In providing the foregoing citations there is no acknowledgment that all of them are part of the prior art pertinent to the field of the present invention.

In a separate art, it is desired to have, for example, groceries delivered from a purveyor to a consumer, a practice which was somewhat commonplace in the first half of the 20th Century but generally since then has become relatively rare in comparison to the direct purchase of groceries at the supermarket. However, with the blossoming of the Internet and e-commerce on the Internet, great interest is again being directed to the delivery of groceries in connection with an order placed over the Internet, as well as by telephone.

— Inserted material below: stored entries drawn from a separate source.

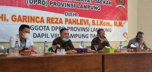 LAMPUNG TIMUR (PeNa) – Anggota DPRD Provinsi Lampung Dapil Lampung Timur Garinca Reza Pahlevi kembali turun ke konstituen dalam rangka melaksanakan Sosialisasi Peraturan Daerah nomor 3 tahun 2020 tentang adaptasi kebiasaan baru dalam Pencegahan dan Pengendalian Corona Virus Disease 2019 atau COVID-19 di Desa Wana Kecamatan Melintang Lampung Timur, Minggu (14/2).
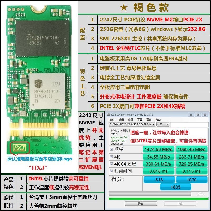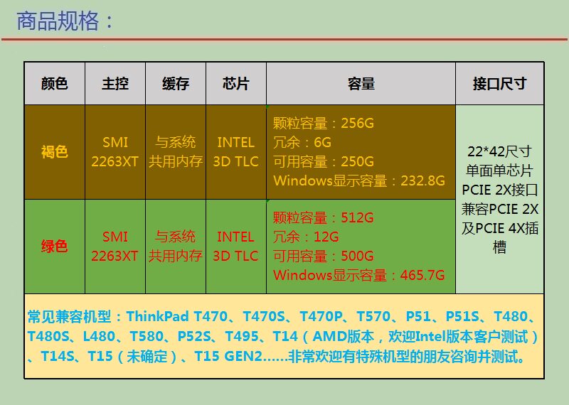 INTEL Enterprise TLC Chip Manufactures 256G 512G 2242 PCIE2X NVME M2 Solid State Drive
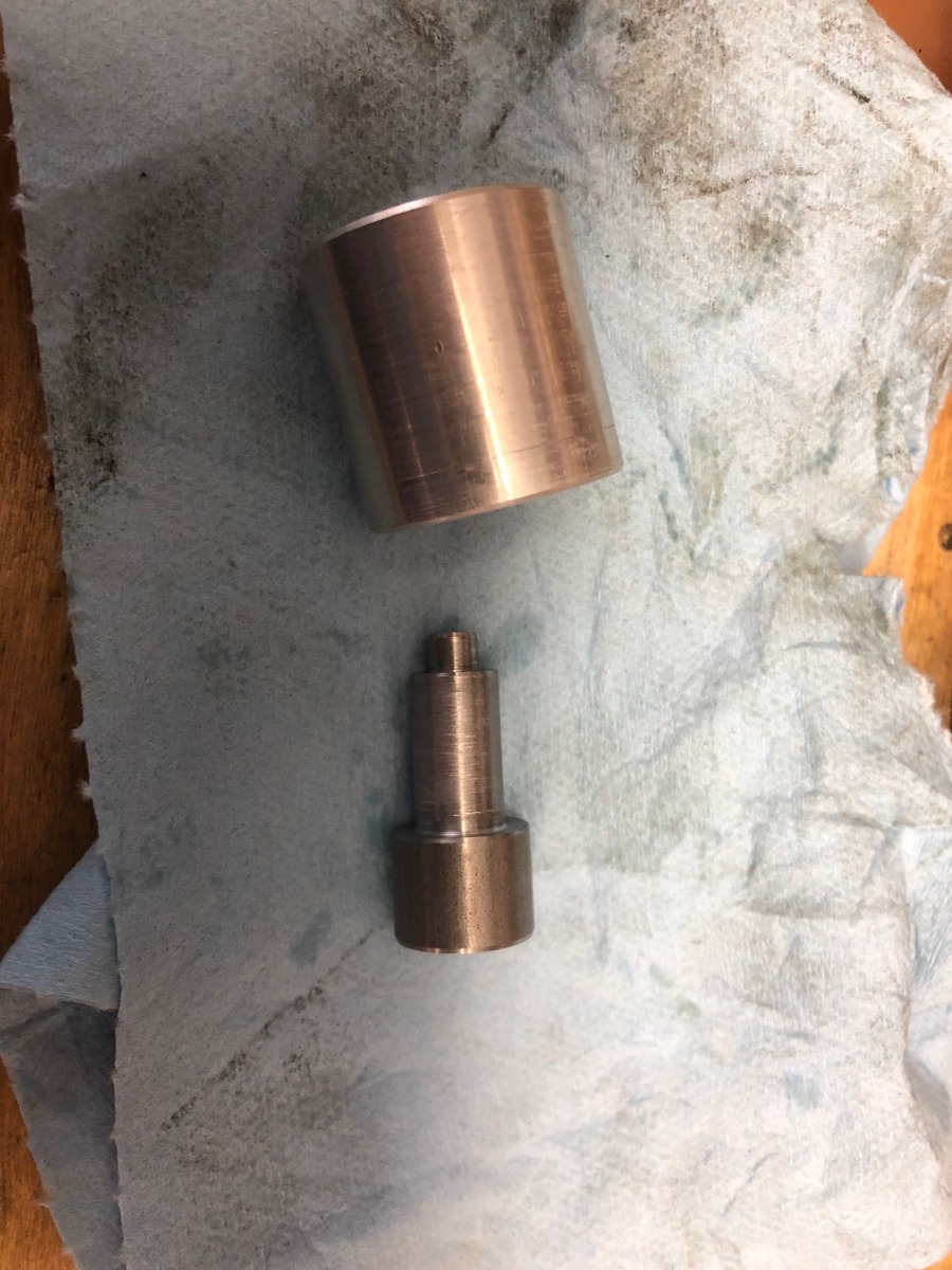 More progress. Liked idea of using cap hole as a guide. Machined aluminum bushing and press adapter to fit tight and stop when correct press depth achieved. ID of bushing is just right to fit new valve guide.
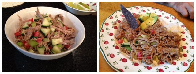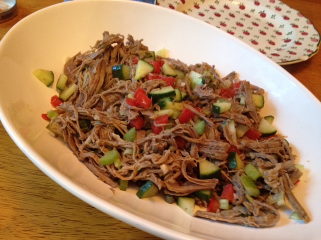 Comments:  I was not sure if Phil would like this recipe, as beef salad is not something he would normally go for. To my delight, he absolutely loved it, and kept telling me to include salpicon in our regular rotation.  I suppose that every food blogger’s partner lives in fear of never tasting a dish again once it is published in the blog… 😉   No risk with this one,  because I already made it twice!  The second time I used top round, a cut that is not that popular for its fibrous nature, but  perfect for this dish.  I used my pressure cooker, and advise you to do the same if you have one and would like speeding up the process.  The recipe makes a pretty big batch, so leftovers were my lunch for several days. But, as  Marcela mentioned in the show, it’s great to have a batch of salpicon in the fridge for little snacks throughout the day.

However, with respect to the e-commerce approach on the Internet, the problem with Internet grocery deliveries is that the seller cannot leave perishable goods, such as, for example, milk, ice cream, etc., unprotected, since typically the seller does not know when the customer will arrive to put the temperature sensitive goods into the refrigerator and/or freezer. Therefore, most Internet grocery purveyors require the customer to be at home to receive the delivered order. The alternative, followed by a few purveyors, is to sell only non-perishable goods via the Internet. Both alternatives have problems.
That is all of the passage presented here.